White and his company saw combat from early 1864 through the early 1865. During the summer of 1865 alone, White's company participated in 56 battles and skirmishes, including picket fights, with two men killed, 26 men wounded (four of which later died as a result of their wounds), and ten men taken prisoner. By October 1, 1864, White's company had 15 serviceable horses and 70 that were not serviceable. Between 1863 and 1865, White received one severe wound (from June 21, 1864) and two minor wounds from various campaigns. White felt the effects of these wounds for the remainder of his life.

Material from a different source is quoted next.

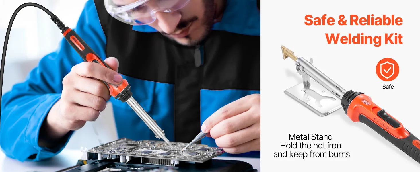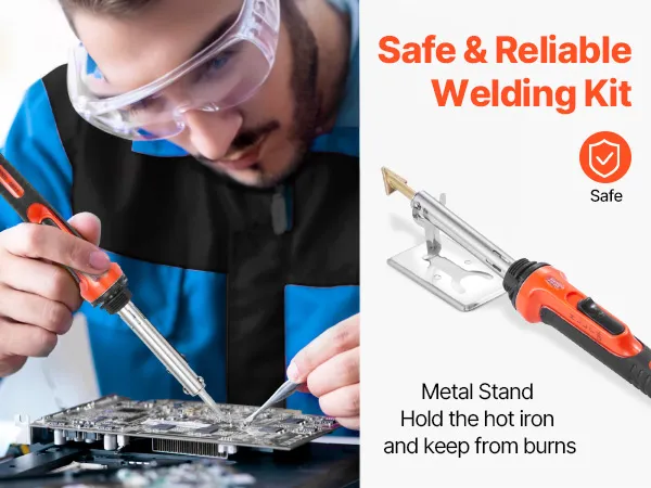 Onze soldeerboutreparatieset voor kunststof bevat een stevige metalen standaard waarop u uw gloeiendhete soldeerbout kunt plaatsen en deze kunt beschermen tegen onbedoelde brandwonden. Dit maakt het een geweldige metgezel voor uw laswerkzaamheden thuis en op het werk.

Throughout his military service during the American Civil War, White served under the commands of Stonewall Jackson and Jubal Early.

Following the surrender of General Robert E. Lee on April 9, 1865, White and the remaining part of his company traveled to North Carolina to join Confederate Army forces under the command of General Joseph E. Johnston, but Johnston and his forces had already surrendered before White and his troops could reach them. White and the remnants of his company disbanded without surrendering or being paroled, and White returned to Romney around June 1, 1865.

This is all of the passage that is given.